The records:
--- --- ---

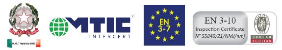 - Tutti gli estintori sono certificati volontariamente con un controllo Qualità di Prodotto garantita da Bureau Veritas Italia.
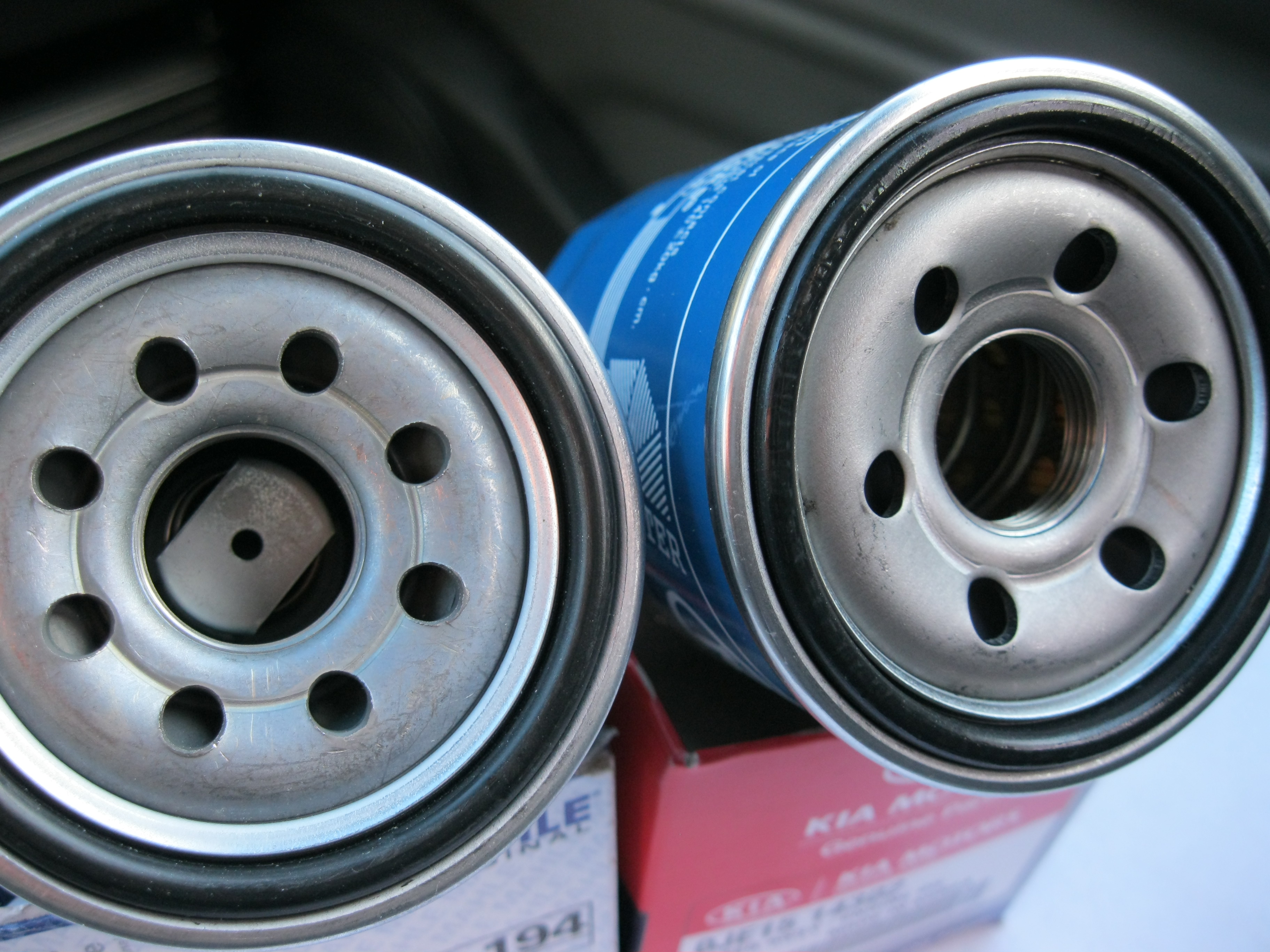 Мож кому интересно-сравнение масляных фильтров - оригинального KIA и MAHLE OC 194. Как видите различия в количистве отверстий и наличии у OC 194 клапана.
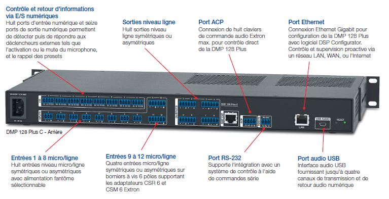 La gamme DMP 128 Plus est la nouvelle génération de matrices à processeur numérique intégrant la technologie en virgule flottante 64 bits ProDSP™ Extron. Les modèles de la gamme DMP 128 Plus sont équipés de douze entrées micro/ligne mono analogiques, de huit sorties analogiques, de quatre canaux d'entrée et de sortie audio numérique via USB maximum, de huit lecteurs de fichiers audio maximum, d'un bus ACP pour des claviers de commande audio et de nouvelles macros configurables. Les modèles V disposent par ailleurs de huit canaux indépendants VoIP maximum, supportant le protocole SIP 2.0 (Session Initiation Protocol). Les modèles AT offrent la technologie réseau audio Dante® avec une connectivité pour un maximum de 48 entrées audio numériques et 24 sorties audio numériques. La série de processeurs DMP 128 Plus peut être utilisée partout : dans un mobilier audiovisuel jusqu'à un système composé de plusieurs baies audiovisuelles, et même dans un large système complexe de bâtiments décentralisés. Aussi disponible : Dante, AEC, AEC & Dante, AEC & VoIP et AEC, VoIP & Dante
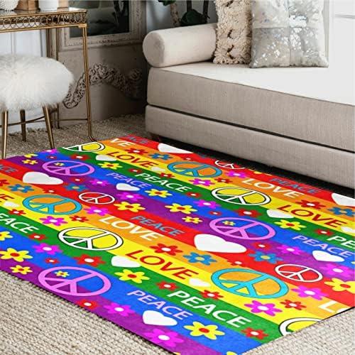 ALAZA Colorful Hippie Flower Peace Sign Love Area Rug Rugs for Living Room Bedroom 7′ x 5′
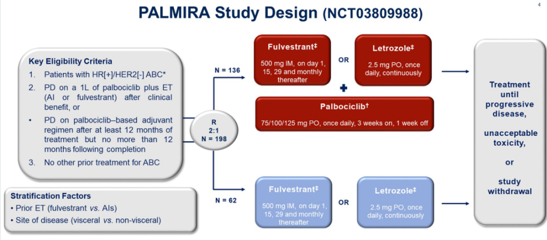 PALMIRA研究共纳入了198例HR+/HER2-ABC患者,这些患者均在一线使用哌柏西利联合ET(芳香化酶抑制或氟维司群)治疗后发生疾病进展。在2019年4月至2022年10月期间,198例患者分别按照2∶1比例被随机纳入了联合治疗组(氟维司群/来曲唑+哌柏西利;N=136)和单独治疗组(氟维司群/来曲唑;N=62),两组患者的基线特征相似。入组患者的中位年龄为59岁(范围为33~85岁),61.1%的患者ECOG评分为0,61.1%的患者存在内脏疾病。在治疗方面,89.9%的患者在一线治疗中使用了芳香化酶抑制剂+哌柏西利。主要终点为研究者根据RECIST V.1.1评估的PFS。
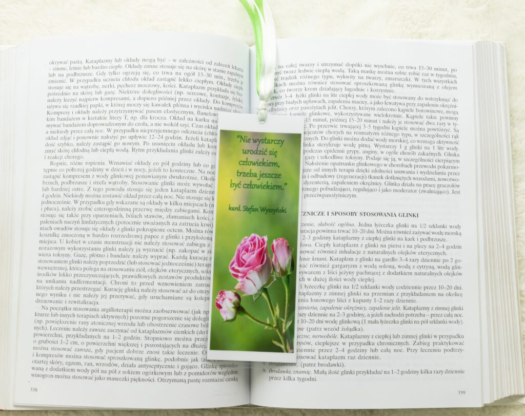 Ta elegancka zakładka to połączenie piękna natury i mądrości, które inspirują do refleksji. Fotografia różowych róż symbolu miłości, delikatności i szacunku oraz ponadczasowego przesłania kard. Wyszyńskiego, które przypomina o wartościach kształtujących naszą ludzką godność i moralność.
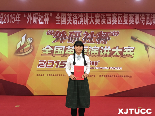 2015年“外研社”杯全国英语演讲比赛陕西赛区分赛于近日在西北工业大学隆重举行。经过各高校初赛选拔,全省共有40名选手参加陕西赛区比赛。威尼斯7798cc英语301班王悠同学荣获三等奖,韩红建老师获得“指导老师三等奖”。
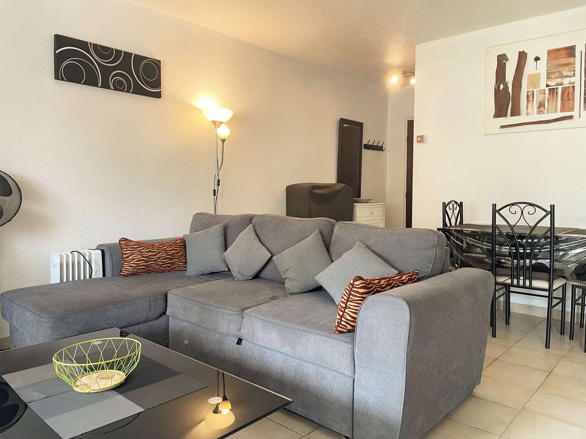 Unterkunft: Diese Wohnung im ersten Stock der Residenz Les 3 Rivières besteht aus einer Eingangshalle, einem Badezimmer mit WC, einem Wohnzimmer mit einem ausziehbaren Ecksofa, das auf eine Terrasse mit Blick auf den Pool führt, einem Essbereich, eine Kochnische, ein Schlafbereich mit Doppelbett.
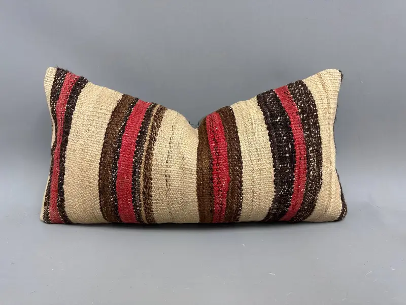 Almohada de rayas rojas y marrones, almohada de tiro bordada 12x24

--- --- ---

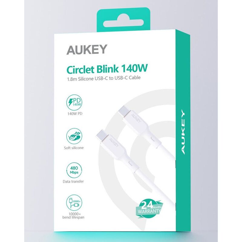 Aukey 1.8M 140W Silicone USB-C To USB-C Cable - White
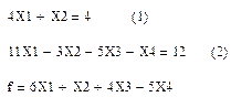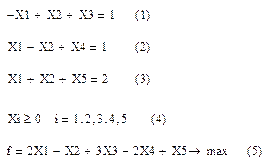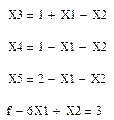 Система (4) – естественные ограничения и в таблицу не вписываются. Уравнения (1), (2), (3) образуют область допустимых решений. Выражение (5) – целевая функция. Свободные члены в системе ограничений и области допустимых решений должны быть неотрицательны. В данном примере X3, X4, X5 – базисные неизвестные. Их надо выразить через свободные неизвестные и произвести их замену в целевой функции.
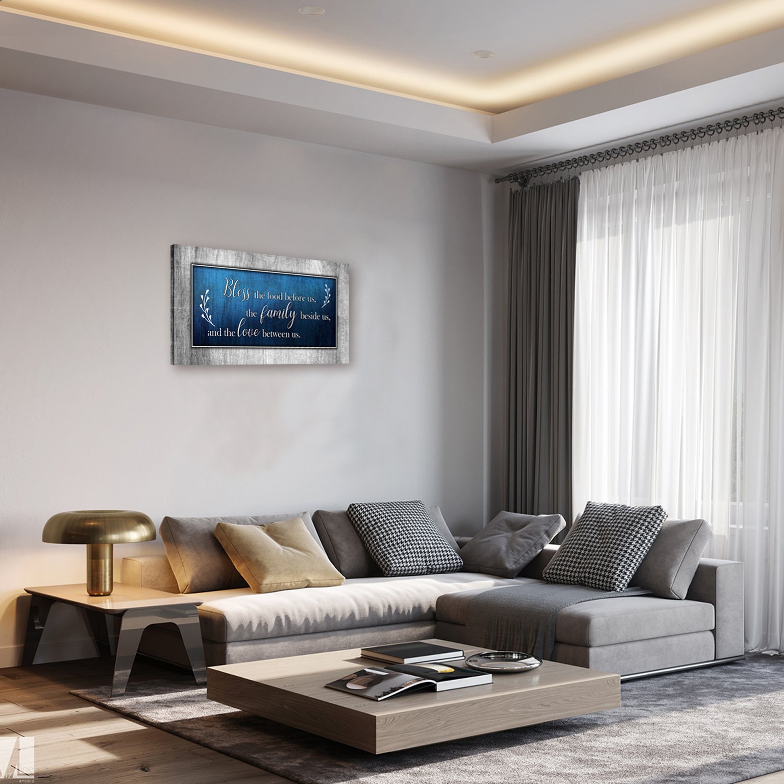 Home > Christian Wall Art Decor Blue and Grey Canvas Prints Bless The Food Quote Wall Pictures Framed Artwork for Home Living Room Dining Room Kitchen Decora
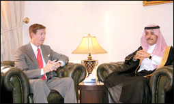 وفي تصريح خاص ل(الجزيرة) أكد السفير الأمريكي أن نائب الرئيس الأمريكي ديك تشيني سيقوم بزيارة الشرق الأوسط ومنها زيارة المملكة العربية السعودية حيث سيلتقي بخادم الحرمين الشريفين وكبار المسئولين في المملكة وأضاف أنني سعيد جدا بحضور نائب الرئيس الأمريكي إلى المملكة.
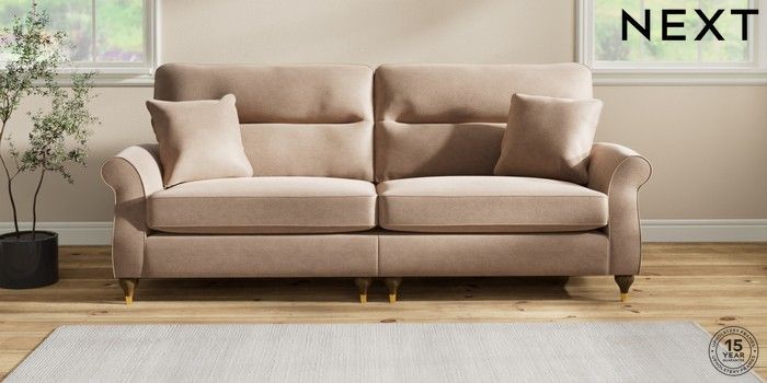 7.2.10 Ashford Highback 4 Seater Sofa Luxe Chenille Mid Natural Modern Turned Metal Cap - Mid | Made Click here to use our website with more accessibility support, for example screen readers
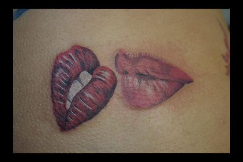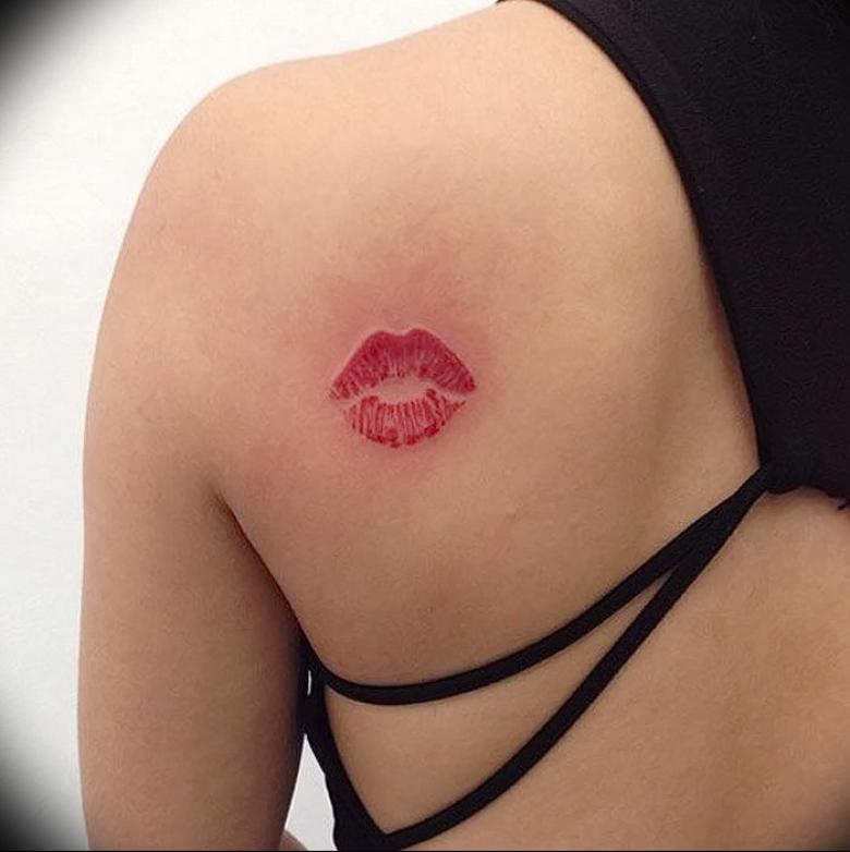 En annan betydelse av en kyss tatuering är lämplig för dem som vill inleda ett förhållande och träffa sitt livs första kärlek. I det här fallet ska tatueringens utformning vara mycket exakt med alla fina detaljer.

--- --- ---

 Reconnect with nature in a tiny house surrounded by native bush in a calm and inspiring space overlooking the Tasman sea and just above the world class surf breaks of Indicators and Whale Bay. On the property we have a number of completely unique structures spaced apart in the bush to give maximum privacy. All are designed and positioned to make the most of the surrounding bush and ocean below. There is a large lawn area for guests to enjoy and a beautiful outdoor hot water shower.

--- --- ---

Task objective:
Take the lines above starting at the one containing "Unterkunft: Diese Wohnung" and ending at the one containing "Almohada de rayas", and print them again exactly, without pictures.

Solution to this task:
 Unterkunft: Diese Wohnung im ersten Stock der Residenz Les 3 Rivières besteht aus einer Eingangshalle, einem Badezimmer mit WC, einem Wohnzimmer mit einem ausziehbaren Ecksofa, das auf eine Terrasse mit Blick auf den Pool führt, einem Essbereich, eine Kochnische, ein Schlafbereich mit Doppelbett.
 Almohada de rayas rojas y marrones, almohada de tiro bordada 12x24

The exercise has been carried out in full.